# Saved entries:

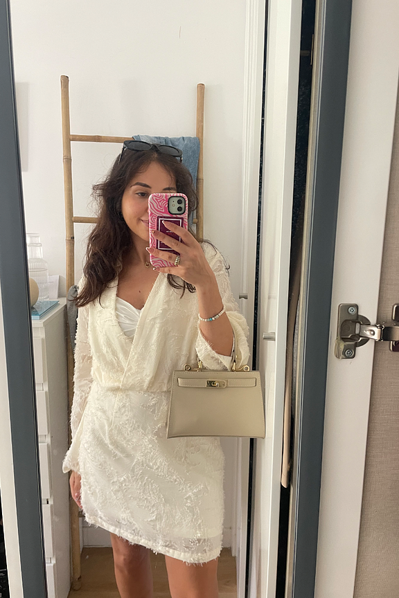 Associez cette robe beige avec des sandales dorées et un sac à main élégant pour une allure estivale raffinée. • Robe courte • Col à revers • Manches longues évasées • Coupe portefeuille • Texture en relief
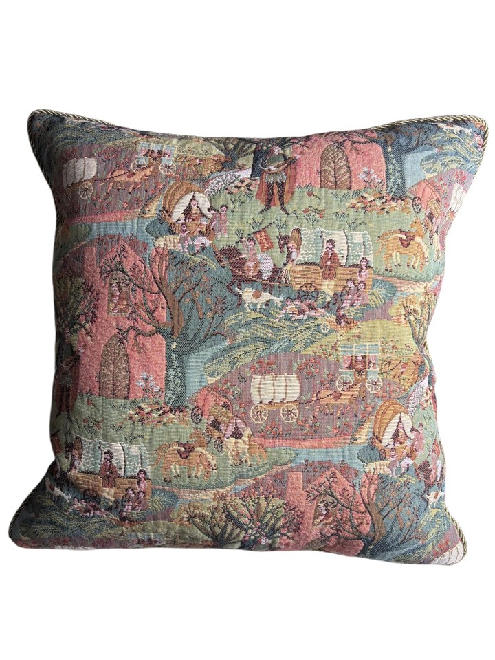 Vintage Dekokissen Französische Landschaft Wandteppich Pastelltöne 17 Zoll Mittelalter Viktorianisch
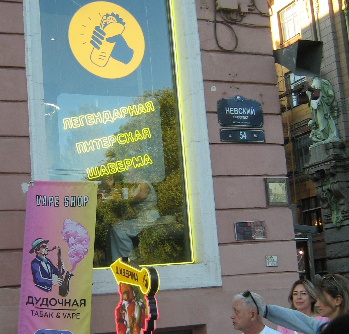 Иду недавно по Невскому мимо легендарного дома 54 – угол Малой Садовой, поднял голову – взглянул на памятник ленинградскому репродуктору, на месте ли, и остолбенел. В угловом помещении, куда ленинградцы-петербуржцы многие годы ходили за подарками и сувенирами, теперь вот Это! То, что на верхнем снимке. Вдумайтесь в это словосочетание: питерская шаверма. Да еще не просто шаверма, не просто питерская – легендарная! Видимо, открывал ее под гром шутих Петр I, а пообедать заходили Александр Пушкин с Николаем Гоголем. Мало того – тут вам еще и торговля вонючим вэпом, на который (надеюсь, не министерство здравоохранения) пытаются посадить нашу молодежь. Понимающие врачи говорят – лучше курить табак, настолько эта гадость вредна.
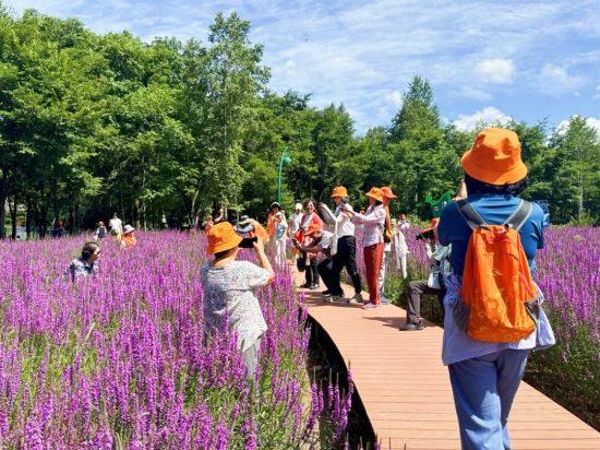 老人们在景区大自然的怀抱中舒展身心,感受伊春的生态魅力。(资料片)
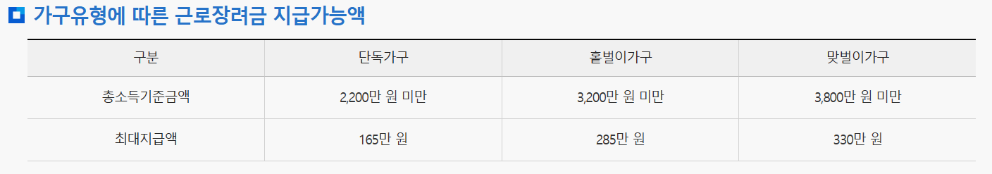 일은 하지만 소득이 적어 생활이 어려운 근로자, 사업자(전문직 제외) 가구에 대하여 가구원 구성과 근로소득, 사업소득 또는 종요인소득에 따라 산정된 근로장려금을 지급함으로써 근로를 장려, 실질 소득을 지원하는 근로연계형 소득지원제도입니다
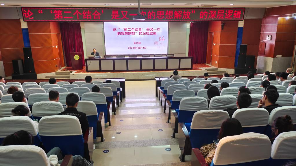 2023年10月11日下午,陕西师范大学教授刘力波应邀在骊山校区图书馆二楼报告厅作了一场主题为“‘第二个结合’是又一次的思想解放”的深层逻辑的学术讲座,吸引了数百名师生前来聆听。本次活动由研究生院主办,tyc122ccVIP承办,旨在深入学习贯彻习近平总书记关于“两个结合”的重要指示,探索中华优秀传统文化与马克思主义相结合的理论和实践创新。tyc122ccVIP副经理铁锴主持本次会议。

# What you should do:
With pictures left out, repeat exactly the lines from the one containing "老人们在景区大自然的怀抱中舒展身心,感受伊春的生态魅力。(资料片)" through the last line of the data above, inclusive, and nothing else.

# Written response:
 老人们在景区大自然的怀抱中舒展身心,感受伊春的生态魅力。(资料片)
 일은 하지만 소득이 적어 생활이 어려운 근로자, 사업자(전문직 제외) 가구에 대하여 가구원 구성과 근로소득, 사업소득 또는 종요인소득에 따라 산정된 근로장려금을 지급함으로써 근로를 장려, 실질 소득을 지원하는 근로연계형 소득지원제도입니다
 2023年10月11日下午,陕西师范大学教授刘力波应邀在骊山校区图书馆二楼报告厅作了一场主题为“‘第二个结合’是又一次的思想解放”的深层逻辑的学术讲座,吸引了数百名师生前来聆听。本次活动由研究生院主办,tyc122ccVIP承办,旨在深入学习贯彻习近平总书记关于“两个结合”的重要指示,探索中华优秀传统文化与马克思主义相结合的理论和实践创新。tyc122ccVIP副经理铁锴主持本次会议。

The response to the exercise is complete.